=== Begin Enclosure ===
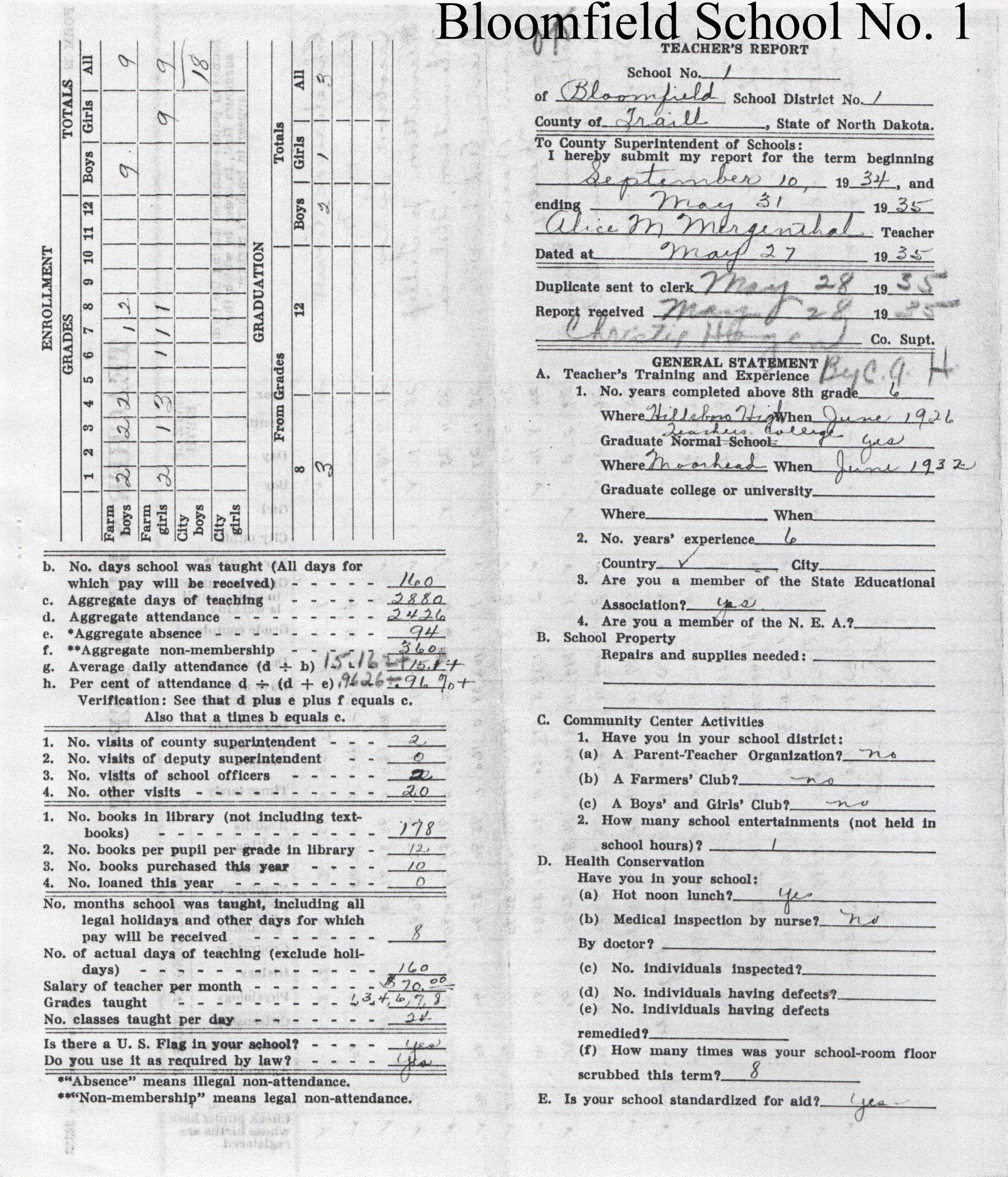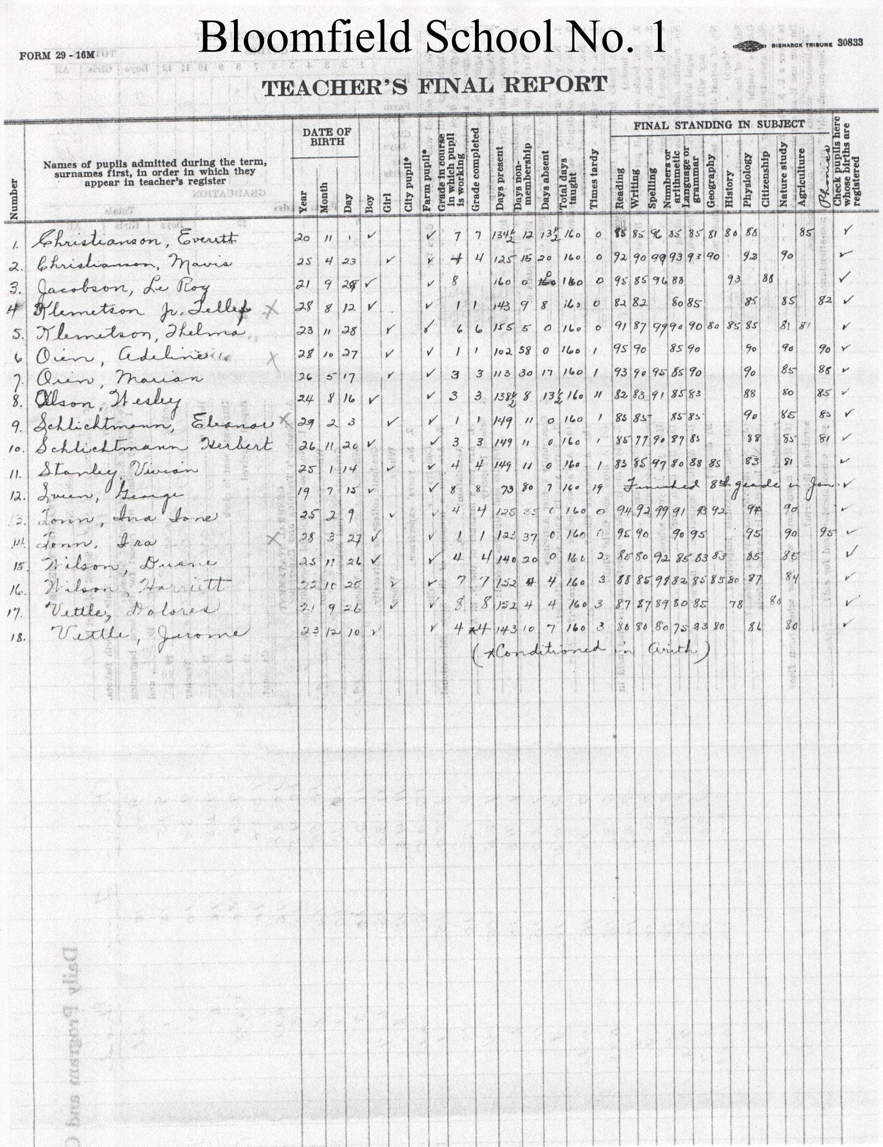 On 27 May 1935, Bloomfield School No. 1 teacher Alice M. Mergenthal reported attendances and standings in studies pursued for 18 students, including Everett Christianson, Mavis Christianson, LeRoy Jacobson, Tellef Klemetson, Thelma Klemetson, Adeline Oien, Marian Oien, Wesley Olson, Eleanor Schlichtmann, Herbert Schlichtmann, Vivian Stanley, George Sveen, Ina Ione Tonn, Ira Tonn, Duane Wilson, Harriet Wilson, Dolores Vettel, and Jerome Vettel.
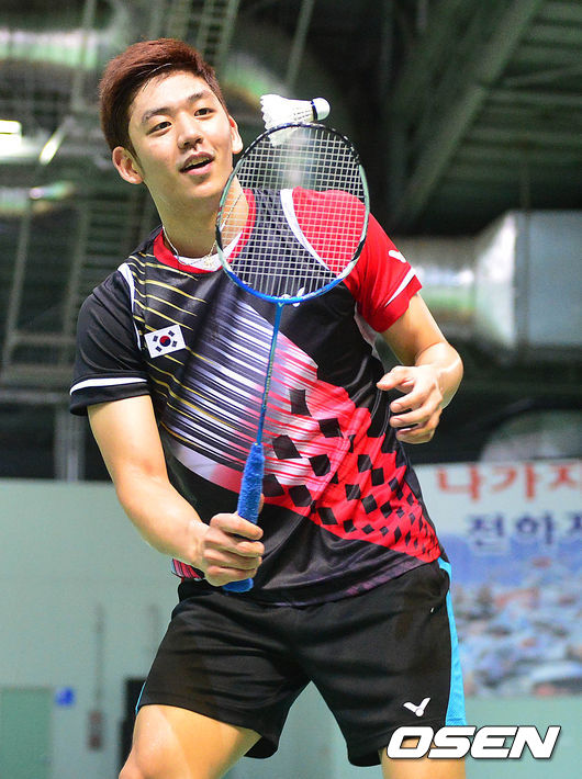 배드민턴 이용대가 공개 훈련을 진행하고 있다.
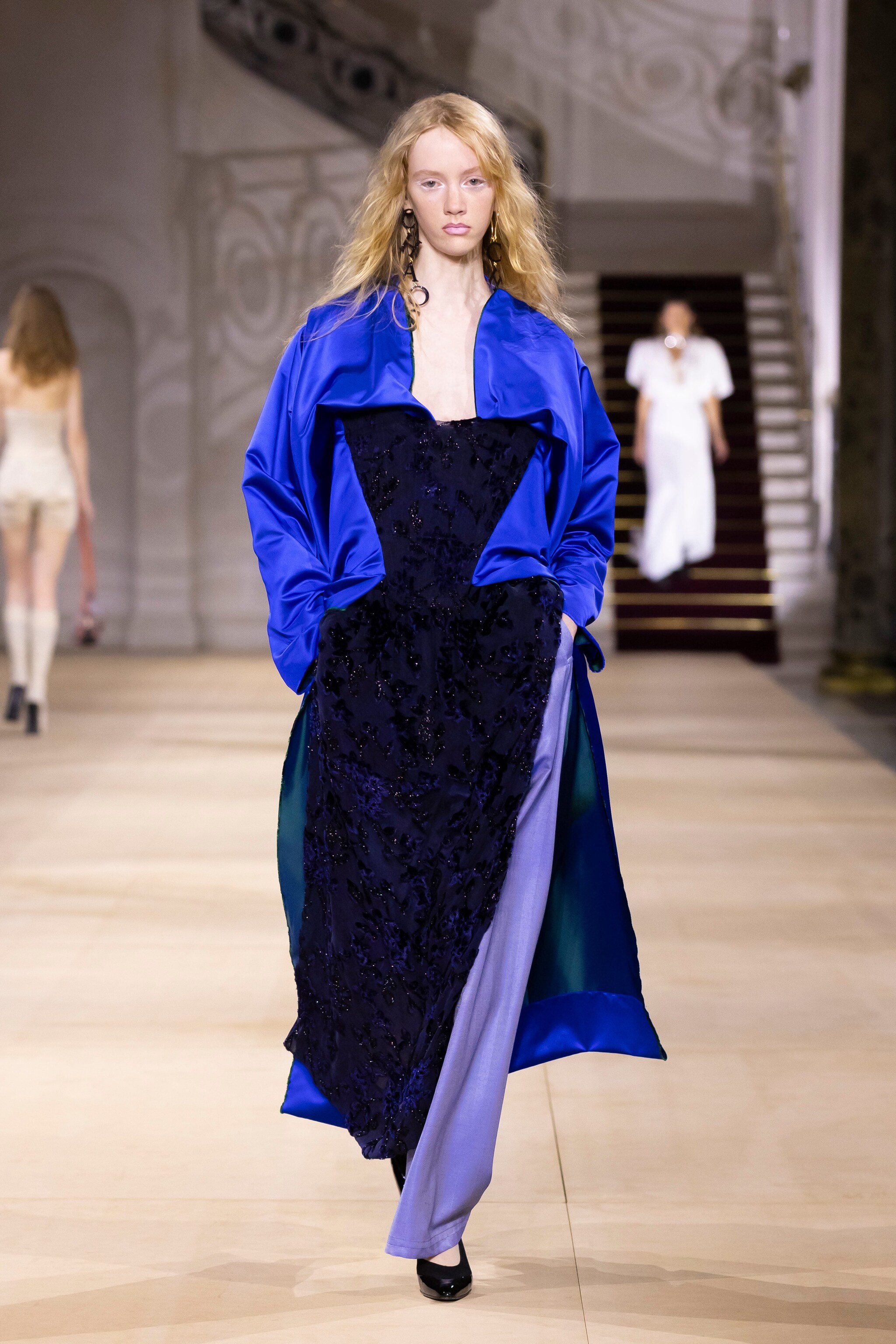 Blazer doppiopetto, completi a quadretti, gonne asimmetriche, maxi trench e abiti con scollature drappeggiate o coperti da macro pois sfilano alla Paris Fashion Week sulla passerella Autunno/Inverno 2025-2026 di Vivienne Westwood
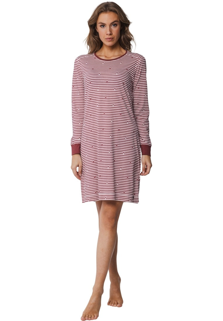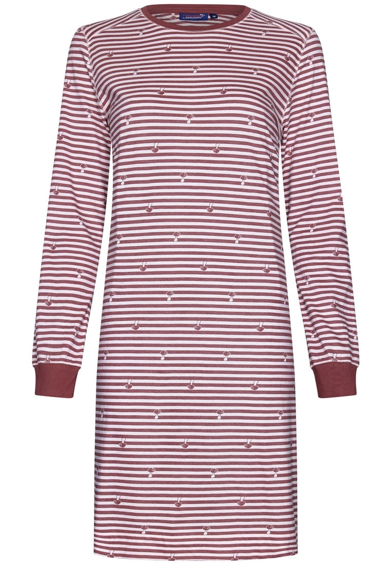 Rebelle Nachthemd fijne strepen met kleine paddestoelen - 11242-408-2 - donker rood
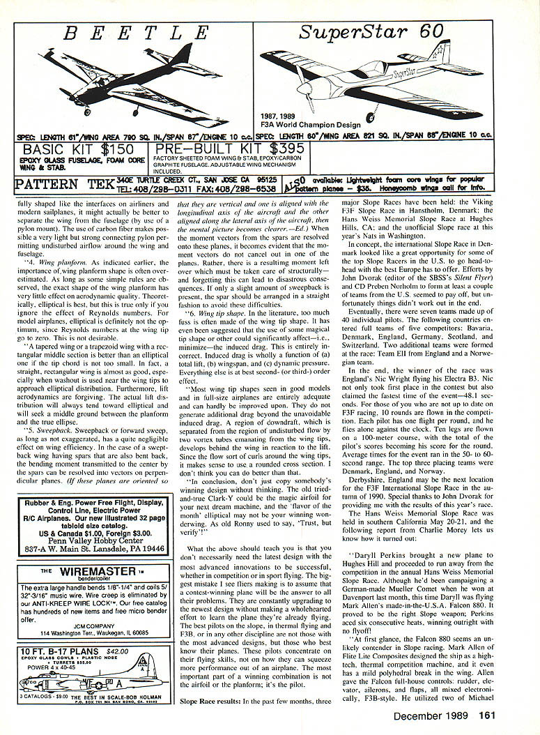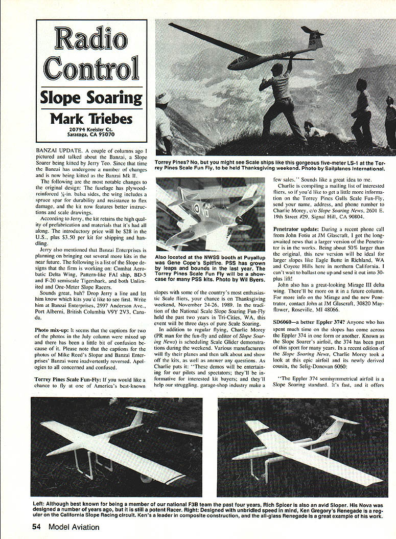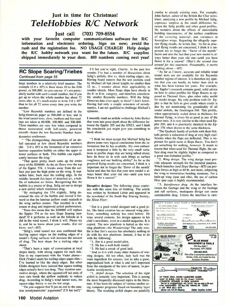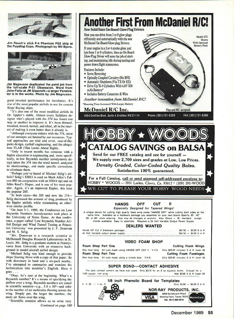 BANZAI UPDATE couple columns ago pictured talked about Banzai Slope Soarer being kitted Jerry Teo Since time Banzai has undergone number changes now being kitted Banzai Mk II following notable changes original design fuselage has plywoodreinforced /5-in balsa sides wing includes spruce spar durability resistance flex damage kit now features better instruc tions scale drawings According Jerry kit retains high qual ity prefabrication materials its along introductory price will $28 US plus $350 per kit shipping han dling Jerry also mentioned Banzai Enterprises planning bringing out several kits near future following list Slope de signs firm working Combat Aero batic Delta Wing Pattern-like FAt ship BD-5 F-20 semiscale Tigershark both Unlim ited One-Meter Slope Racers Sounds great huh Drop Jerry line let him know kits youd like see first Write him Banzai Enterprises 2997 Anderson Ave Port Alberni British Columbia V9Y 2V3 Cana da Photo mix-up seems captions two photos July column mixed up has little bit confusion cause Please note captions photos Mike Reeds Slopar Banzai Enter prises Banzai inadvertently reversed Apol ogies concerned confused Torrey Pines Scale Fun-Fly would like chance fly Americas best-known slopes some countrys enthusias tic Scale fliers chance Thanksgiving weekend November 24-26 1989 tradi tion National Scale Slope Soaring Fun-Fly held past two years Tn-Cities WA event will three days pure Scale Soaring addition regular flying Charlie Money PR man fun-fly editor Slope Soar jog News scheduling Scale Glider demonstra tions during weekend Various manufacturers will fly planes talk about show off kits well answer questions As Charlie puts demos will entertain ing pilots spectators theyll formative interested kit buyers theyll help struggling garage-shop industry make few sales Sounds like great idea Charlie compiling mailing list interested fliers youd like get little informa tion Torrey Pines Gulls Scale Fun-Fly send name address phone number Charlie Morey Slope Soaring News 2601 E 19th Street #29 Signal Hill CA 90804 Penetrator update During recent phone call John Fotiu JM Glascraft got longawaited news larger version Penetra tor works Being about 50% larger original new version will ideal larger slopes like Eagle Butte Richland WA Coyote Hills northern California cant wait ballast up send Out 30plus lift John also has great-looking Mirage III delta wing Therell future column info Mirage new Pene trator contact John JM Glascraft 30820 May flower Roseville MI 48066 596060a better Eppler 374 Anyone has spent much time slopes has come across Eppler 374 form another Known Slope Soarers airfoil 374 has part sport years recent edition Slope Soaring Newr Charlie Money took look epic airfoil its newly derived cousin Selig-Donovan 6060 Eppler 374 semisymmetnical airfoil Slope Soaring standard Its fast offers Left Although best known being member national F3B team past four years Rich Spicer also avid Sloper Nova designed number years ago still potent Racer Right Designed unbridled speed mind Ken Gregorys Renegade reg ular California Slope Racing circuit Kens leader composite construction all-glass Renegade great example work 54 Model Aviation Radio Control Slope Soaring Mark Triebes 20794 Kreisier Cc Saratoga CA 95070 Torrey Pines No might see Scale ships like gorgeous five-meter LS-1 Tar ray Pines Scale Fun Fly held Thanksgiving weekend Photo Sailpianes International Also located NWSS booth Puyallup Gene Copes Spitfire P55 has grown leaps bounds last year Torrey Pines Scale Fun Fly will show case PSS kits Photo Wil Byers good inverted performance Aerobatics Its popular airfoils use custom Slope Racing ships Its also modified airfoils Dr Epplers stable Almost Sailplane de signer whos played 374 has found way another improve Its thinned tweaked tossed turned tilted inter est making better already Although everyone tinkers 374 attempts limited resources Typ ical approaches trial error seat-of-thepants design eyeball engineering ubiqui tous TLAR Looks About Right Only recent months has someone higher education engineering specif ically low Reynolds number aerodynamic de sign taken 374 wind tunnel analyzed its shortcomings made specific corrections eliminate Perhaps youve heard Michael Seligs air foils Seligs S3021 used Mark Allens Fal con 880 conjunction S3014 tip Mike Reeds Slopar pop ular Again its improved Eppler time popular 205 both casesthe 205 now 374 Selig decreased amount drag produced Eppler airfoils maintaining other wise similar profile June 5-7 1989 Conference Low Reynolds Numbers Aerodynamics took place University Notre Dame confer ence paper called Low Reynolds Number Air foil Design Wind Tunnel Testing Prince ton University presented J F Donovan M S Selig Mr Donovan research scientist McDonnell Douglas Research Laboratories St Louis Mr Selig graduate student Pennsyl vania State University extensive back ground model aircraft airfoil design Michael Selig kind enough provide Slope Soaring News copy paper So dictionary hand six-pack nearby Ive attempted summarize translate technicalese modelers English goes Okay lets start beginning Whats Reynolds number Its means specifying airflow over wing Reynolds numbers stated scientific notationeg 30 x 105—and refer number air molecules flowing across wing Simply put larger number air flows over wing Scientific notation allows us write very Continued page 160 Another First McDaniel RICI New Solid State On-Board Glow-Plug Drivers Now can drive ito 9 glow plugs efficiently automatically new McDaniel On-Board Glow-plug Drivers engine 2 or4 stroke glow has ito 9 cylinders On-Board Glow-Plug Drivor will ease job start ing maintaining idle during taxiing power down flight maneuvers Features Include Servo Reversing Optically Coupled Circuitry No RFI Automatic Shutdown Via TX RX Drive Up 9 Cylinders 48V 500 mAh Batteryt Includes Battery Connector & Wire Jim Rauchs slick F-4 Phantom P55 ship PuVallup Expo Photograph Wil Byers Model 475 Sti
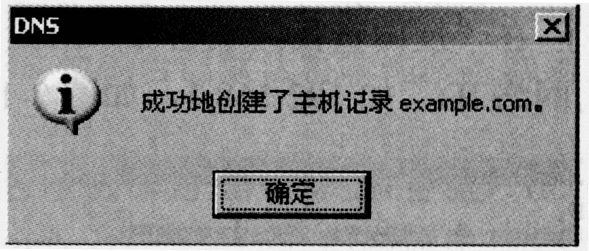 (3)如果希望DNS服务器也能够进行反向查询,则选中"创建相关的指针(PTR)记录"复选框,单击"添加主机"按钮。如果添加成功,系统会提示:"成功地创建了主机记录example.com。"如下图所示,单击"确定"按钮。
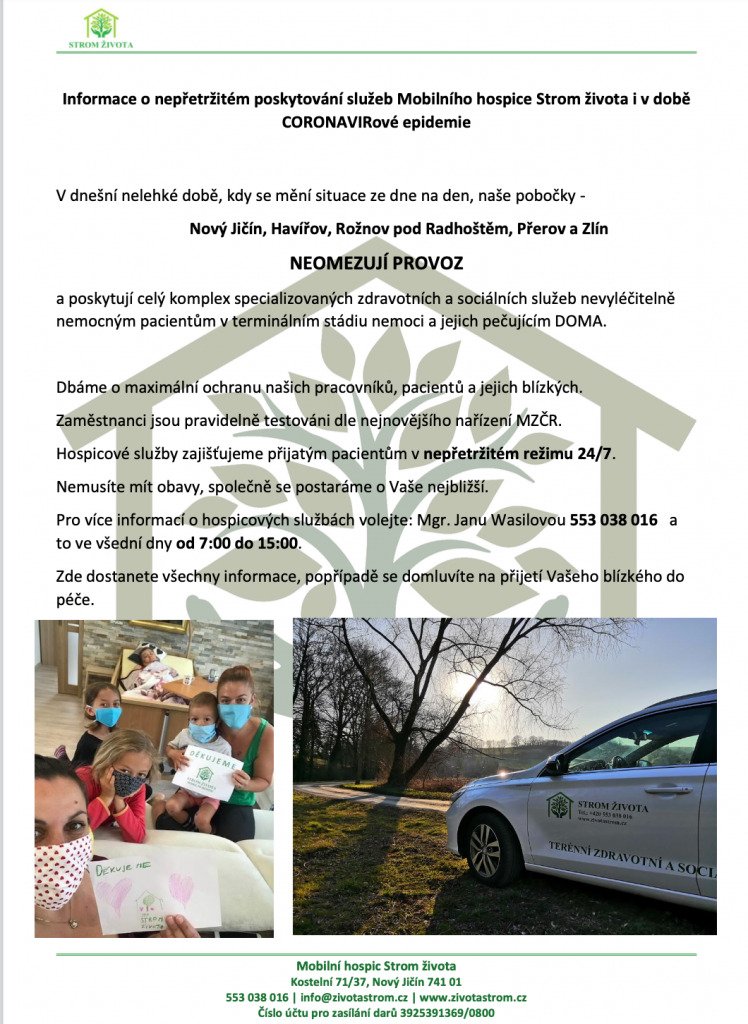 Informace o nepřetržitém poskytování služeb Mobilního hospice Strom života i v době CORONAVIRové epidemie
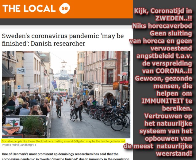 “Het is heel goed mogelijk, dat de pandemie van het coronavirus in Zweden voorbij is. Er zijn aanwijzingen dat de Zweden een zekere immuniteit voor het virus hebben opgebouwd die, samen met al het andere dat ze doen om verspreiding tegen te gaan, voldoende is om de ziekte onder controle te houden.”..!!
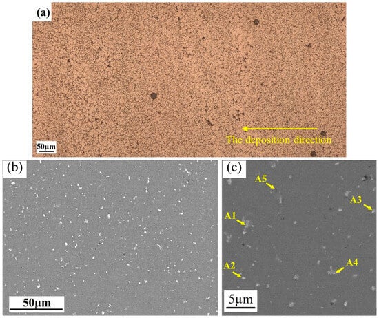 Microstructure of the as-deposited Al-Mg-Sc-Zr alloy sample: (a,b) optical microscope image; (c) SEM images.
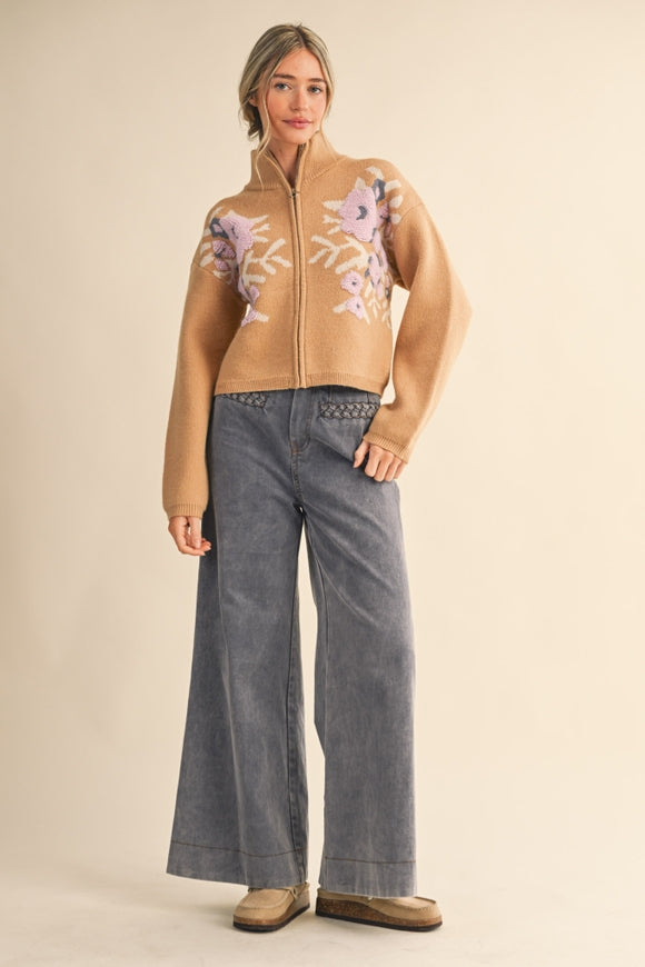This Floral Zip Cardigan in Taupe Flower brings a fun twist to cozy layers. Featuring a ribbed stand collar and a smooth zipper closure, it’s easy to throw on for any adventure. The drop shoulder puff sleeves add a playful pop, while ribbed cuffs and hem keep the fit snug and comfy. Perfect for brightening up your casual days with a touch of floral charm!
=== End Enclosure ===
▶ _ACTIVITY_
Before answering, find the line with "배드민턴 이용대가 공개 훈련을 진행하고 있다." in the records above; then reproduce exactly each line from the first through that line, leaving out pictures.

▶ _SOLUTION FOR THIS TASK_
 On 27 May 1935, Bloomfield School No. 1 teacher Alice M. Mergenthal reported attendances and standings in studies pursued for 18 students, including Everett Christianson, Mavis Christianson, LeRoy Jacobson, Tellef Klemetson, Thelma Klemetson, Adeline Oien, Marian Oien, Wesley Olson, Eleanor Schlichtmann, Herbert Schlichtmann, Vivian Stanley, George Sveen, Ina Ione Tonn, Ira Tonn, Duane Wilson, Harriet Wilson, Dolores Vettel, and Jerome Vettel.
 배드민턴 이용대가 공개 훈련을 진행하고 있다.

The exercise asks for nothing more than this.